The above was only part of the effort by the team. Here's a few big takeaways from the developers/designers about designing the site:
- Getting the site navigation right is worth a lot of effort. The site menus are the main way any visitor will get round the site, and are the parts of the site they are likely to interact with way more than anything else. The navigation needs to be clean, straightforward, and helpful to all users. Getting this right, especially across different devices and browsers is worth the investment. Given it's so highly used, it's also worth investing in animations on the nav more than other parts of the site to up the usability.
- Treat pages, by default, as special, unique snowflakes. Templates (both HTML, and CSS based) can help rapidly scale a site as your content grows. These templates work until they don't. Then you end up making special cases, exceptions, and strange CSS selectors. A side effect of this is that the developer may prefer a less suitable design to avoid having to mess with the template. That's a bad result. We started off treating each page as a one-off, then copying parts of pages elsewhere as needed. This definitely makes it harder to change something across the site (say a header color), but lets us change things out on a single page very quickly and easily. Some parts of the site remain templated though (things like blog posts or press notices).

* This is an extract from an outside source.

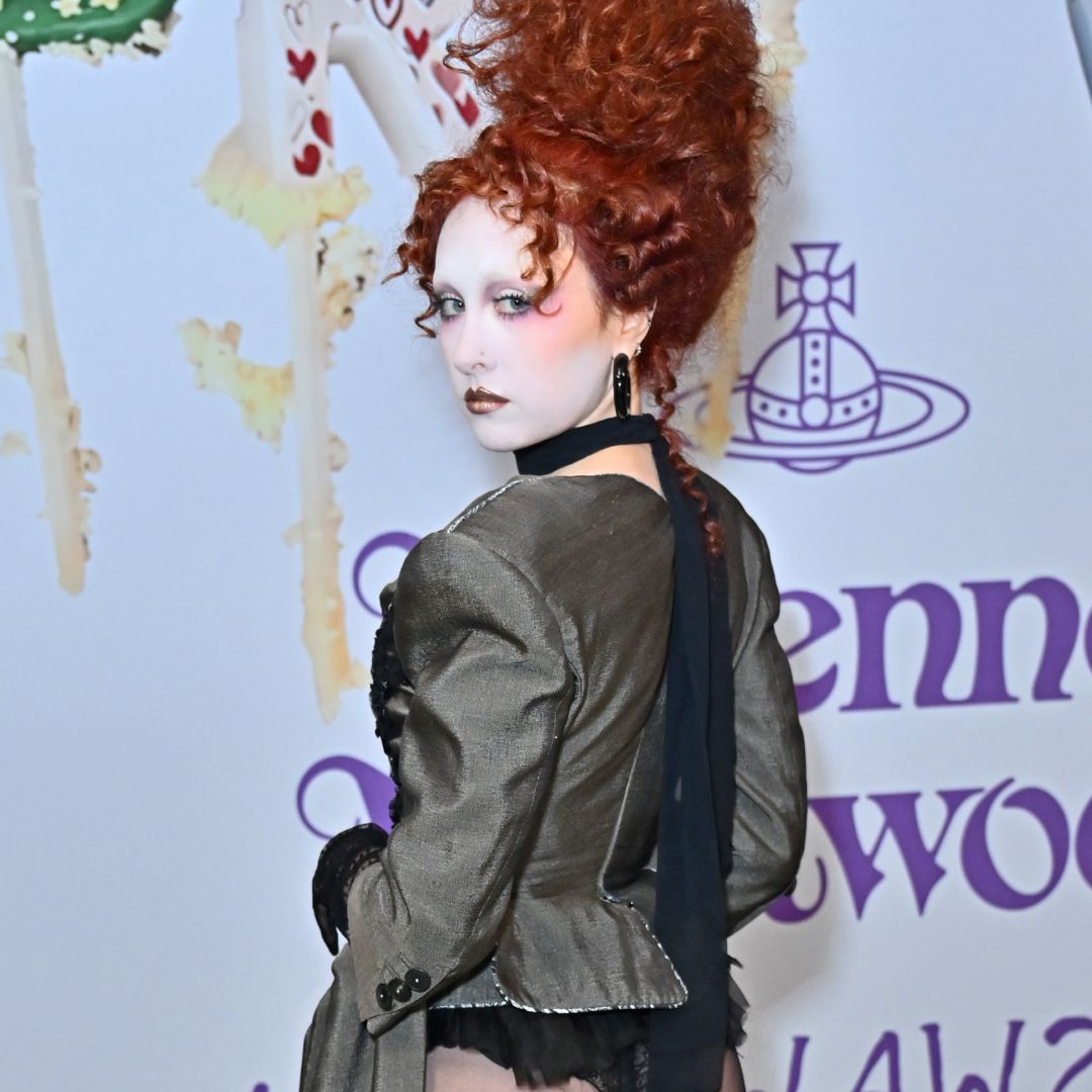 After wearing a very naked Mugler dress to attend the 2026 Grammys, Chappell Roan headed to Paris Fashion Week where her style choices continue to surprise and delight. Roan—who works with stylist Genesis Webb—swapped her naked Grammys look for a completely opaque Mugler turtleneck corset and matching fit-and-flare skirt earlier this week. And on Saturday, March 7, the "Casual" singer arrived at Andreas Kronthaler for Vivienne Westwood's Fall 2026 Ready-to-Wear runway show in an extremely eye-catching gown.From the front, Roan's gown features a dramatic silhouette, including long sleeves, shoulder pads, and a plunging V-neck, with the dress narrowing at the waist before cascading into a gathered skirt. But from the back, the Vivienne Westwood gown takes on an entirely different identity.

- Designing responsively takes a lot of patience and flexibility. If you want to design for smartphones and huge screens then go beyond the obvious of 2 columns collapsing to 1 column. Think about how things like padding work differently on different screens, what font sizes work best on a smartphone, or even whether colors of font weights should change with screen size. Our CSS framework gives us tons of choices for fine-grained changes like these on specific pages for specific screen sizes.
- Focus on the user experience. For us, this meant making the page easy to use and enjoyable to use. This was much more important to us than it being flashy. We keep cool JS based effects to a minimum, rely on CSS effects where possible (due to performance benefits), and kept the website a relatively straightforward website. Shocking we know, but we think the performance and usability gains are worth it.